By Dolly Chhabda      Feb 03, 2022      0 Comments      2,853 Views
Courts tender documents Supreme Court

The author of the tender document is the best person to interpret its documents and requirements, the Supreme Court reiterated in a judgment delivered on Monday (31 Jan 2022). The bench comprising Justices Dinesh Maheshwari and Vikram Nath observed that the interference by the Court would only arise if the questioned decision suffers from the illegality, irrationality, mala fide, perversity, or procedural impropriety. 

The court, added that a decision of the administrative authority cannot be called arbitrary or whimsical merely because it does not appear plausible to the court. The court was considering an appeal filed against the Delhi High Court Judgment which had allowed the writ petition filed by 'Resoursys Telecom' and disapproved of the technical disqualification and consequential rejection of the technical bid of 'Resoursys Telecom' (writ petitioner) in respect of a tender floated by the Navodaya Vidyalaya Samiti(NVS).
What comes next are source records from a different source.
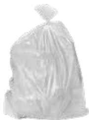
Single-use white sack
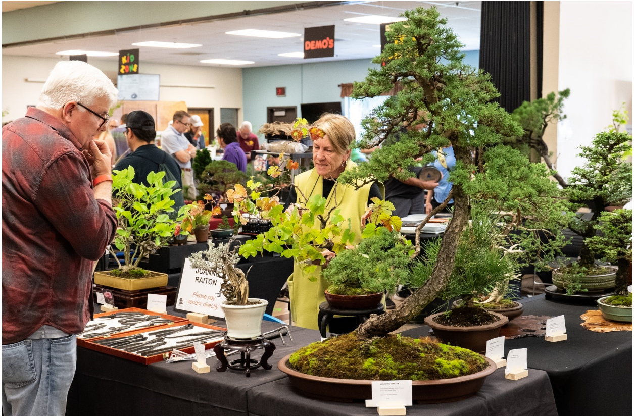
Trees for sale from raw material to high end trees like these
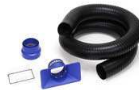
C1571 Duct Kit
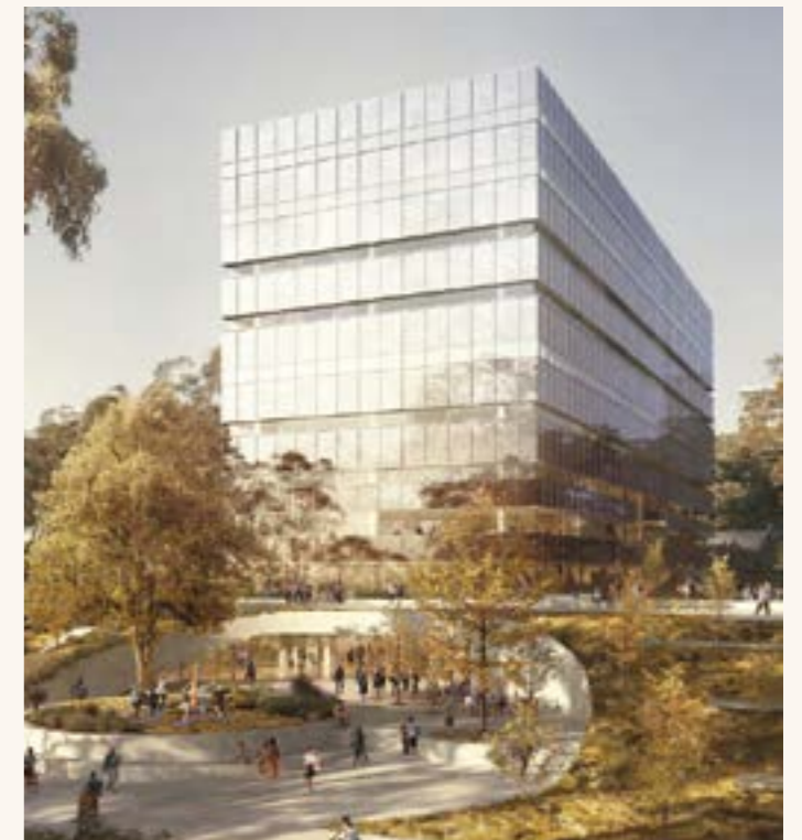
Flinders HealthCARE Centre artist's impression.

Design and development is expected to begin later this year, with Flinders University targeting construction to start in 2027.
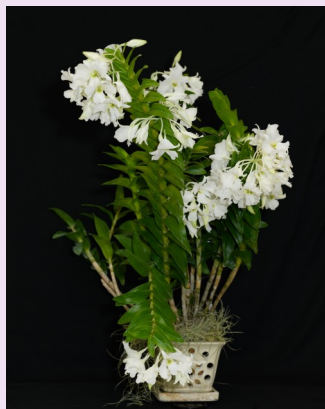
Den. Isabel Seander
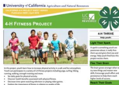
4-H Fitness Project
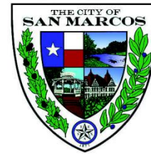
Exhibit B - Redlined Code
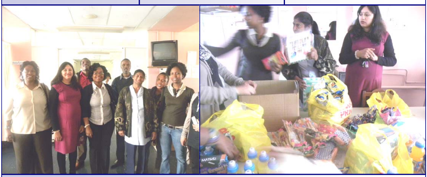
ETHEKWINI WATER AFFAIRS DEPARTMENT

This contribution is has positive response to the ailing kids. Such kids become better in a short span of time and it is well received by parents.
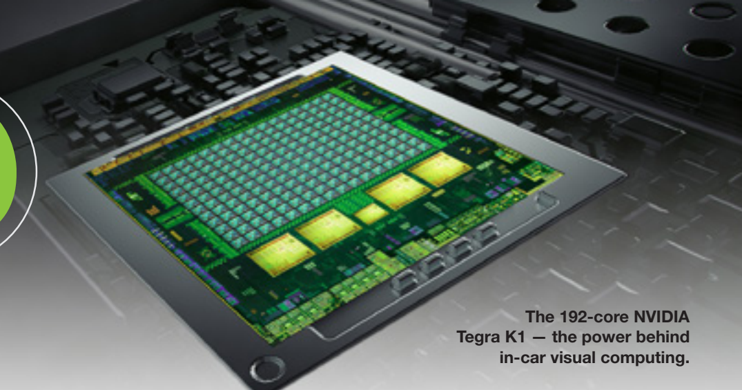
The 192-core NVIDIA Tegra K1 – the power behind in-car visual computing.
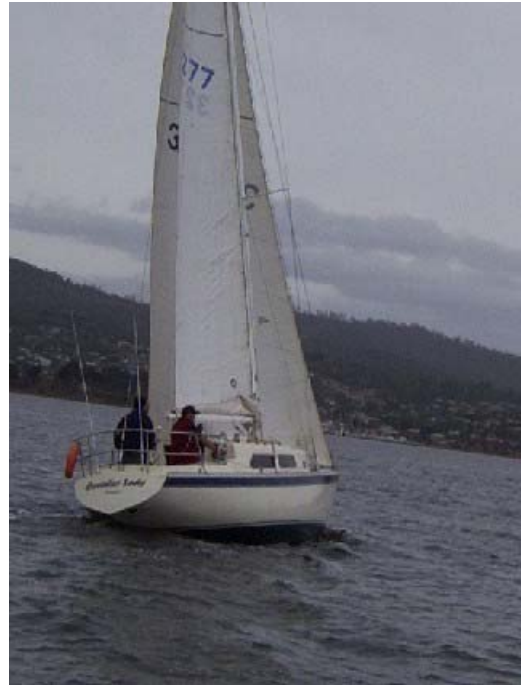
Cavalier Lady
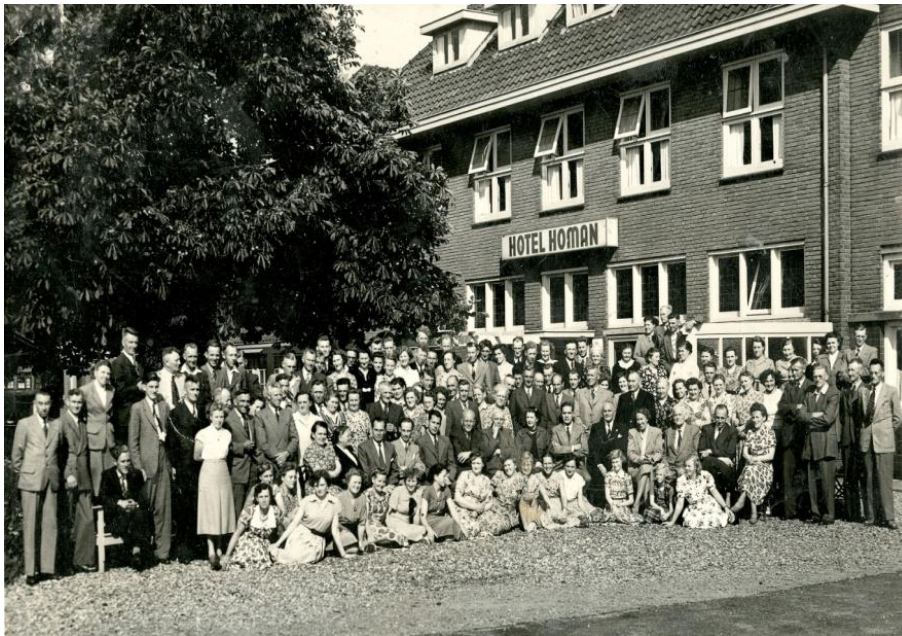
Immigrants of Castrolanda posing in front of hotel Homan, Hoogeveen 1952

Together with the local volunteers a very practical approach will be chosen, and decided how the digitization will be done, using international standards. In case no proper equipment or tools are present, these will be provided for in the workshop.
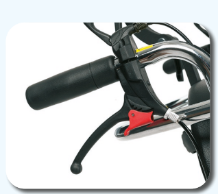
B74 - Drum brakes
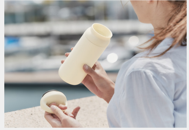
DAY OFF TUMBLER
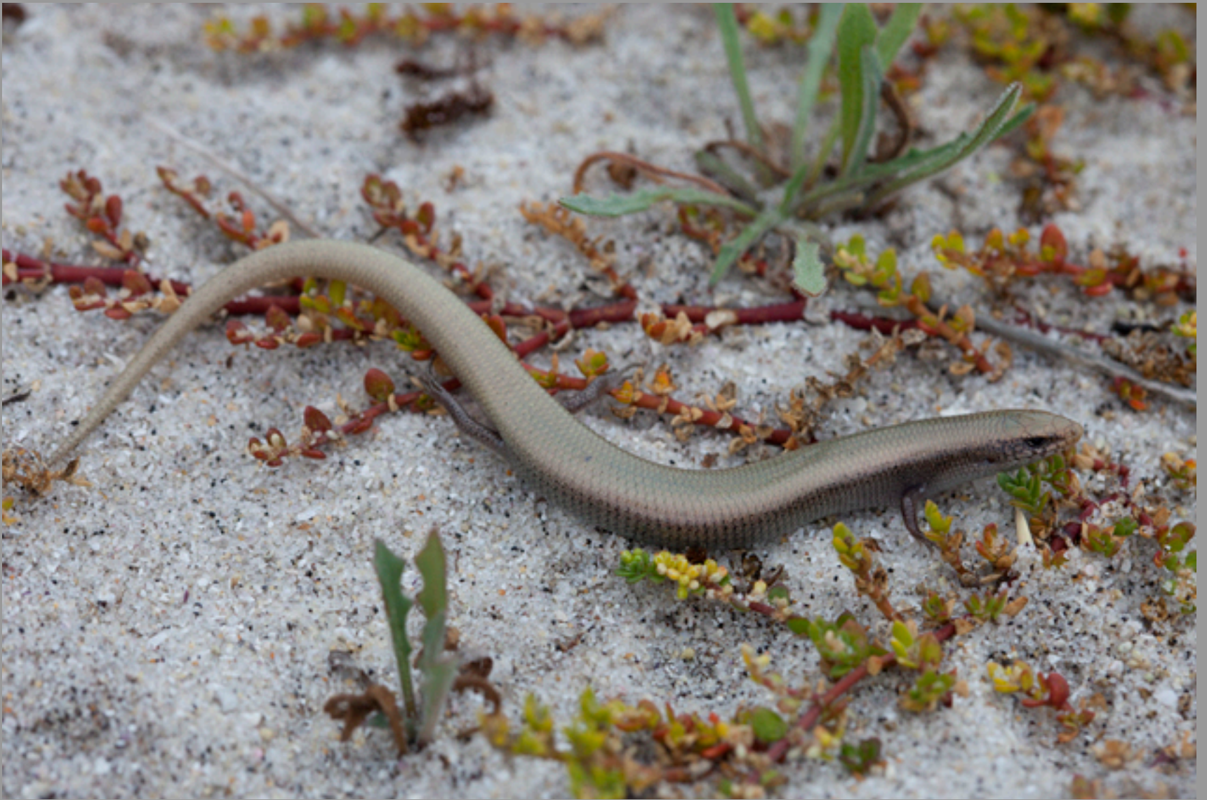
Chalcides bedriagae pistaciae , notice the subtle greenish 'pistachio' reflection

hoping to find Chalcides bedriagae pistaciae . In the late afternoon, I found about x12 of the latter and about x10 Chalcides striatus , adults, gravid females and also very youngs. And under the same rock, x2 Coronella girondica ! Other species : Timon lepidus ibericus , Podarcis bocagei and Anguis fragilis .

The tender inviting authority, i.e., NVS, had rejected the technical bid of writ petitioner for want of fulfilment of 'Past Performance' criterion about the supply of 'same or similar Category Products' of 60% of bid quantity in at least one of the last three financial years. The tender notice in question was issued for the supply of Tablets for the students of Class XI and XII.
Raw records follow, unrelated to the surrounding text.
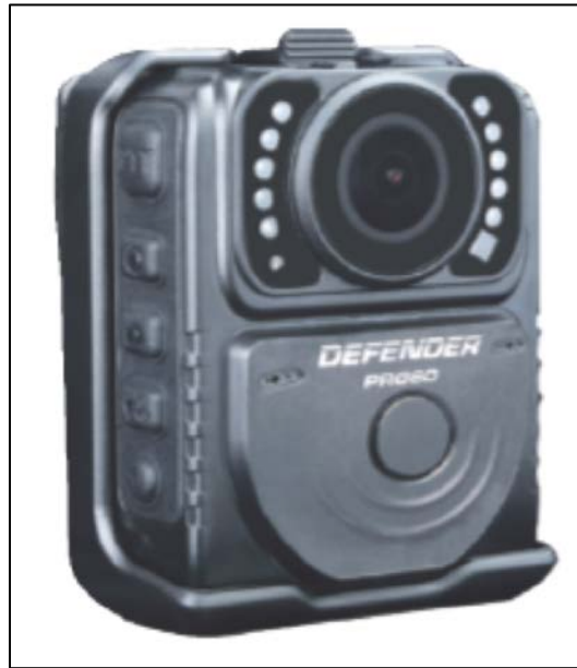
Figure 39. PRG 60B Defender Body Worn Camera
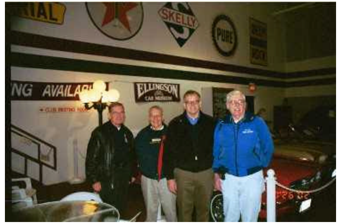
At the Ellingson Car Museum thinking about our lost youth (October 2002).
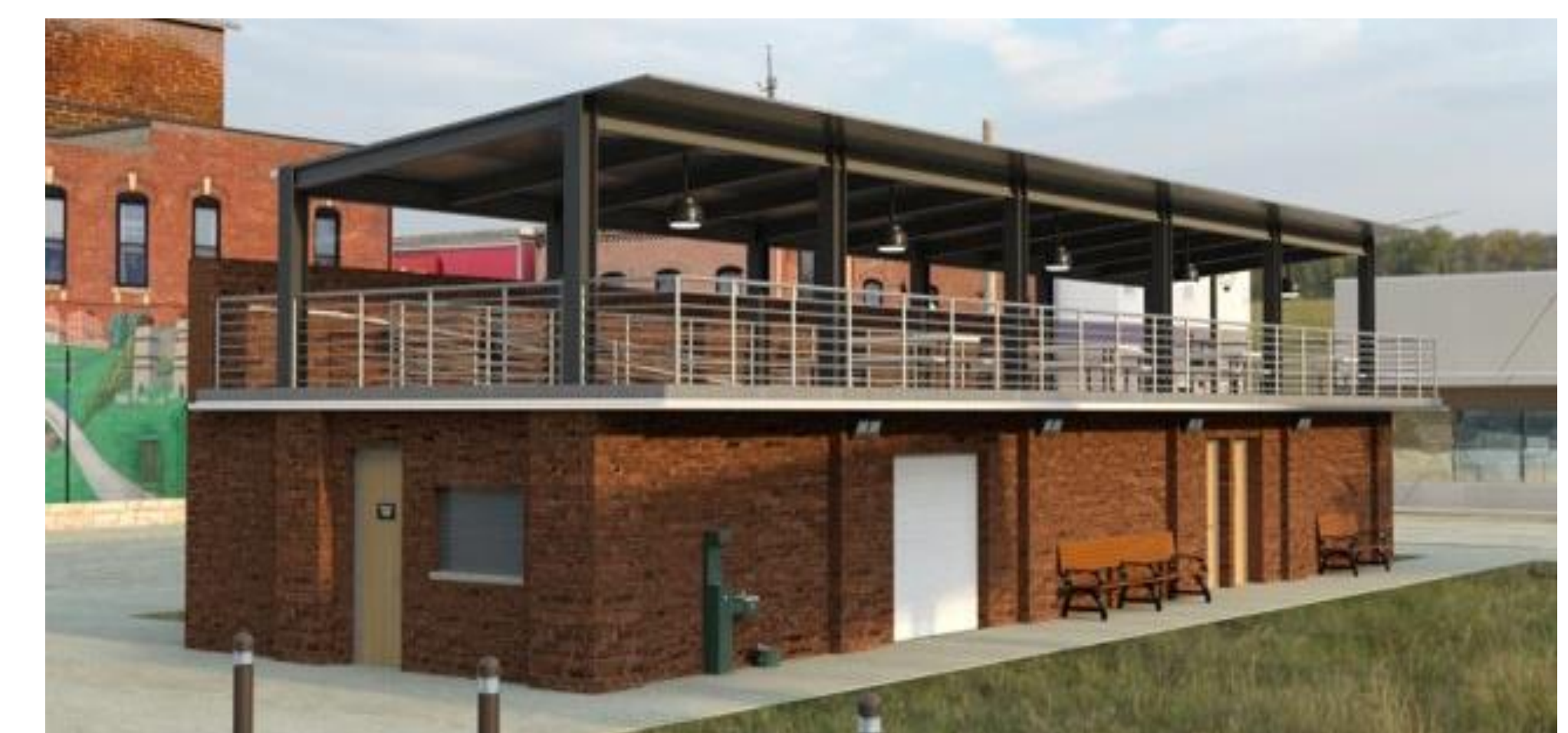
Figure 5. Phase three restroom structure.

This final phase offers shade as well as solar energy through the implementation of a permanent steel roof with solar panels mounted. Phase Three also introduces a concessions area which will complement the food trucks during events.

The bench referred to earlier judgments on the scope of judicial review in contractual matters, particularly concerning the process of interpretation of the tender document. The court observed: 

“The above-mentioned statements of law make it amply clear that the author of the tender document is taken to be the best person to understand and appreciate its requirements; and if its interpretation is manifestly in consonance with the language of the tender document or subserving the purchase of the tender, the Court would prefer to keep restraint. Further to that, the technical evaluation or comparison by the Court is impermissible; and even if the interpretation given to the tender document by the person inviting offers is not as such acceptable to the Constitutional Court, that, by itself, would not be a reason for interfering with the interpretation given.”


“Taking note of various factual aspects, the bench found that the decision, as taken by the NVS and its TEC, cannot be said to be totally baseless or absurd or irrational or illogical. The court noted that the high Court has referred to the doctrine of 'Contra proferentem', whereby, any ambiguity in an insurance policy would be resolved by a construction favourable to the insured. In this regard, the bench observed:” 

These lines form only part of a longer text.